Na siódmym miejscu Robert Kubica ukończył prolog rajdu San Martino di Castrozza we Włoszech. To drugi start Polaka po powrocie do ścigania. Przed tygodniem był bezkonkurencyjny w zawodach Ronde Gomitolo di Lana, wyprzedzając rywali o ponad 50 sekund.
Na trasach San Martino załoga Kubica - Gerber walczy z dużo bardziej doświadczonymi rywalami niż przed tygodniem. Rajd zaliczany jest do Pucharu Asfaltów, który rozgrywany jest przy okazji mistrzostw Włoch. Na liście startowej znalazło się 31 samochodów, sześć spośród nich, oprócz Subaru Imprezy polskiego duetu, zaliczanych jest do klasy WRC.
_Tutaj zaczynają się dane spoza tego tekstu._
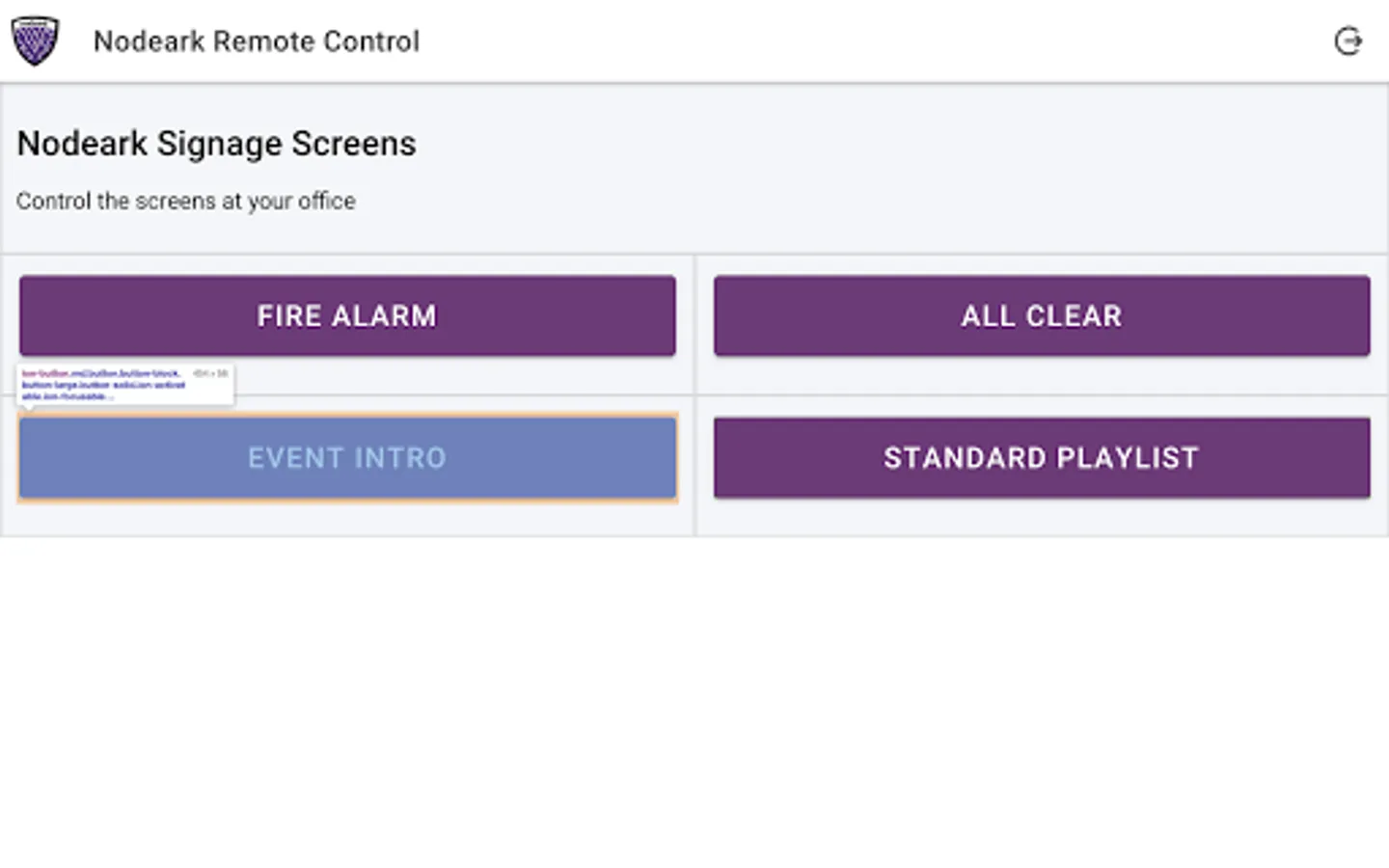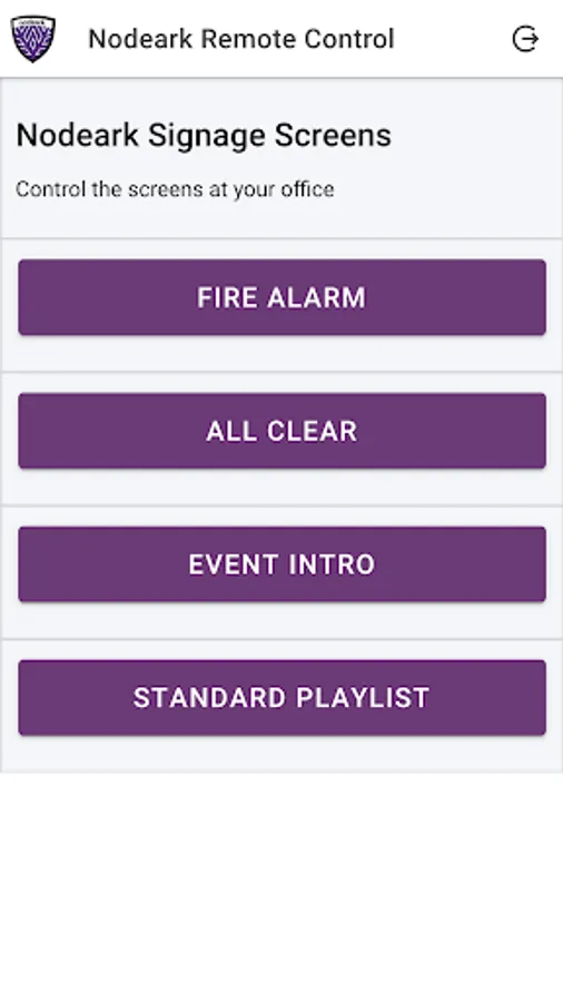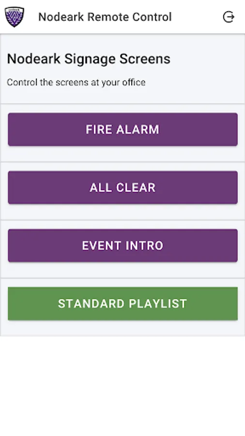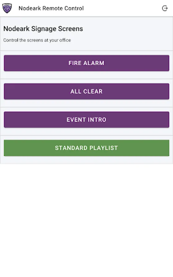 Control your Nodeark powered signage screens with this remote control app. Press the button of the desired scenario to instantly change the contents of one or many of your screens.
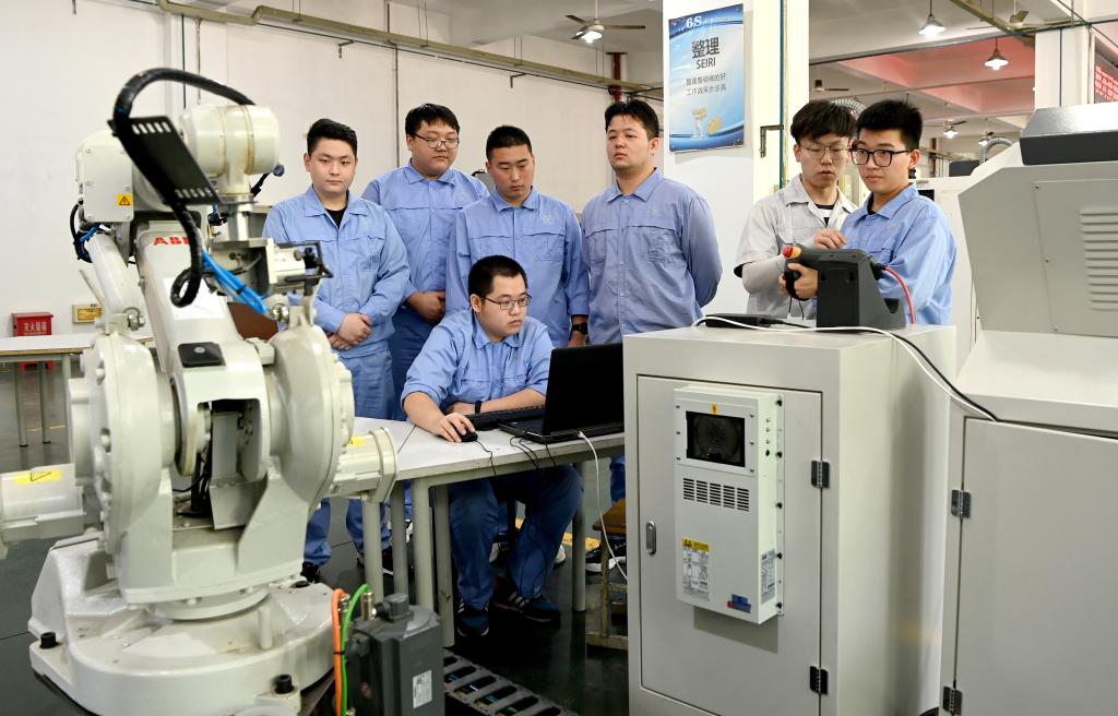 西安技師學院數控技術專業學生在學習操控數控機床(4月27日攝)。新華社記者劉瀟攝

Najszybszy na krótkim, niespełna dwukilometrowym prologu, był Włoch Paolo Porro (Ford Focus WRC). Kubica stracił do niego 5,4 sekundy. Piątkowe zmagania były tylko przetarciem przed prawdziwym ściganiem. W sobotę na kierowców czekają cztery odcinki specjalne - zawodnicy dwukrotnie przejadą oesy Manghen (15 kilometrów) i Val Malene (26 kilometrów).
Przed tygodniem Kubica wrócił do sportu, ścigając się w rajdzie Ronde Gomitolo di Lana. Był to pierwszy start polskiego kierowcy od lutego 2011 roku, kiedy uległ poważnemu wypadkowi podczas rajdu Ronde di Andora. Polak pewnie wygrał lokalne zawody w Piemoncie, uzyskując czas o prawie minutę lepszy od rywali. Startował Subaru Imprezą, a jego pilotem był Włoch Giuliano Manfredi. Podczas rajdu sportowiec powiedział, że marzył o powrocie do sportu, a starty w rajdach są obecnie dla niego częścią rehabilitacji. Przyznał też, że ciągle marzy o powrocie do Formuły 1, ale nie jest w stanie podać żadnej konkretnej daty.
W lutym 2011 roku Polak miał bardzo poważny wypadek na trasie rajdu Ronde di Andora. Sportowiec rozbił auto o metalową barierę. Jej źle przytwierdzony fragment przebił karoserię i niemal zmiażdżył dłoń i łokieć kierowcy. Polak doznał też licznych obrażeń ciała. W konsekwencji przeszedł kilkanaście operacji. Media spekulowały, czy Kubica w ogóle wróci do sportu.